Senior managers of listed companies lament their shareholders’ insistence on immediate performance when the business plan they are trying to implement is going to take years – they say – to yield results. Regulatory hassle is only adding to these CEOs’ frustration, and as they compare their lot with that of peers at the helm of privately owned businesses, many heads at PLCs are clearly struggling to see much upside in their current situation.
Take Richard Lapthorne, chairman of UK telecom Cable and Wireless. Comments attributed to him in UK newspapers this week made it sound as though he really couldn’t wait for the company to be put out of its public market misery by way of an LBO. “I don’t know for a fact but it is almost a certainty that people are doing their numbers on us,” he was quoted as saying in the Financial Times on Wednesday. Those people were of course financial buyers.
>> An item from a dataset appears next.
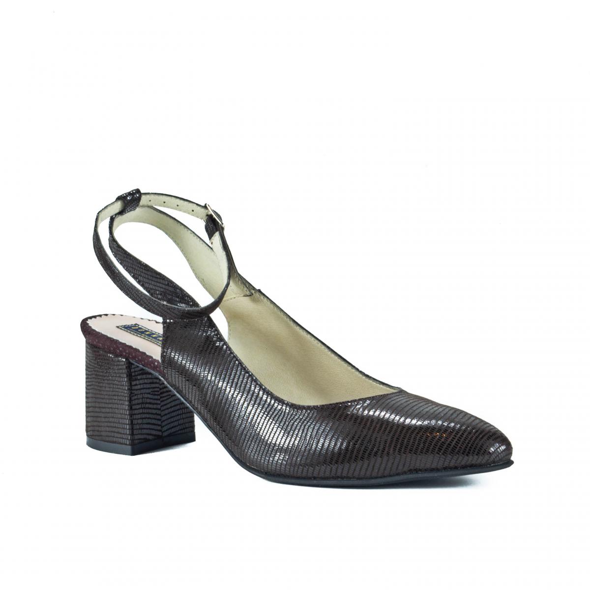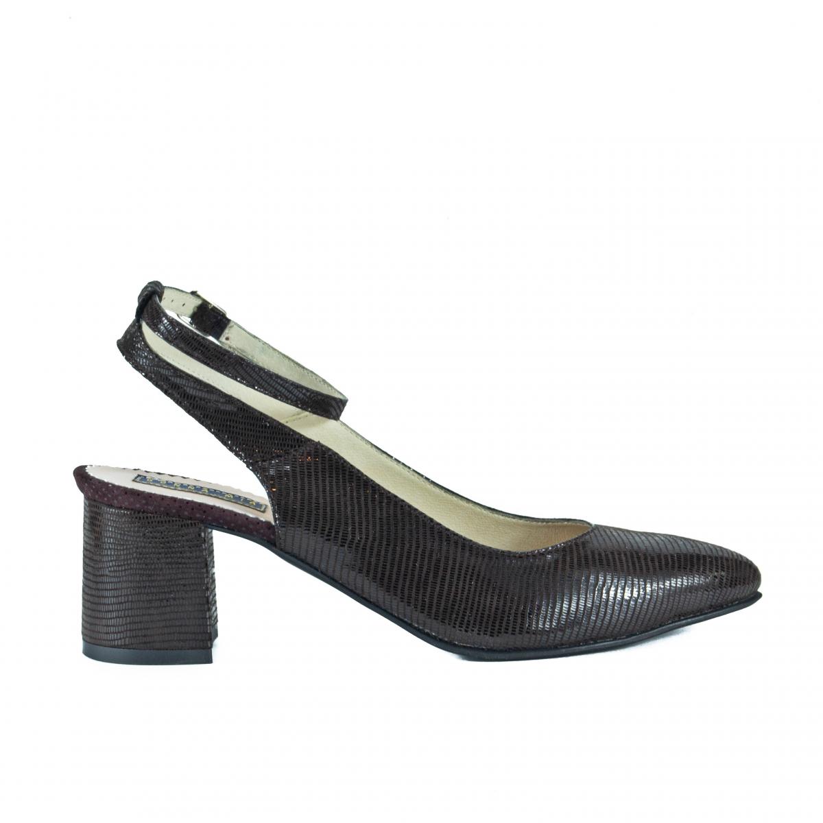 Pantofi pumps din piele naturala texturata de nuanta wenge, foarte comozi, ce pot fi purtati impreuna cu tinute casual, smart-casual sau office.

And in case anyone missed where his affections lay, Lapthorne went on to say: “I think the market complains about private equity buyers when they only have themselves to blame.”
C&W is underperforming against forecast, and shareholders have been told that it will take until 2009 to evidence the planned recovery. Judging by the share price, which dropped by 35 pence from 142 pence after a trading update in October and has only partially recovered since, investors aren’t tickled at the prospect.
That is hardly surprising: a four-year game plan really does require the sort of patience that many public market investors find difficult to muster. Needless to say that from a private equity point of view, C&W’s timeframe looks very different: it’s the kind of schedule they would expect for the task at hand.
Whether or not Lapthorne is right in saying that his company is on private equity firms’ shopping lists is a moot point. But his comments highlight an important trend: financial buyers used to be viewed skeptically, in part because of their need to exit investments after just a few years. Today, ironically, their time horizon often seems as long-term as outlooks come in modern-day market economies. Public investors live by quarterly, and make their minds up on annual, results it seems.
This is one of the main reasons why private equity has grown so dramatically in recent years. Even a decade ago, the notion of FTSE 100 companies longing for a break from the nasty, brutish and unforgiving stock markets in the comparatively cozy world of private equity would have struck many as unlikely. Nowadays, this is exactly where many senior people inside FTSE 100 companies want to be – and if a public-to-private of their group just isn’t on, they may well decide that it is time for a move into a privately owned entity instead.
Good thinking, say the private equity investors. For their industry, managerial aspirations could hardly be evolving in a more encouraging way. Given this fundamental shift, it is difficult to see how private equity could fail to hold on to its current level of influence.
As for public market investors angsting about LBO shops acquiring assets off them cheaply only to sell them back at a big premium a few years later: perhaps they should think about how to appropriate some of the principles that have made private equity the happy place that it is at the moment.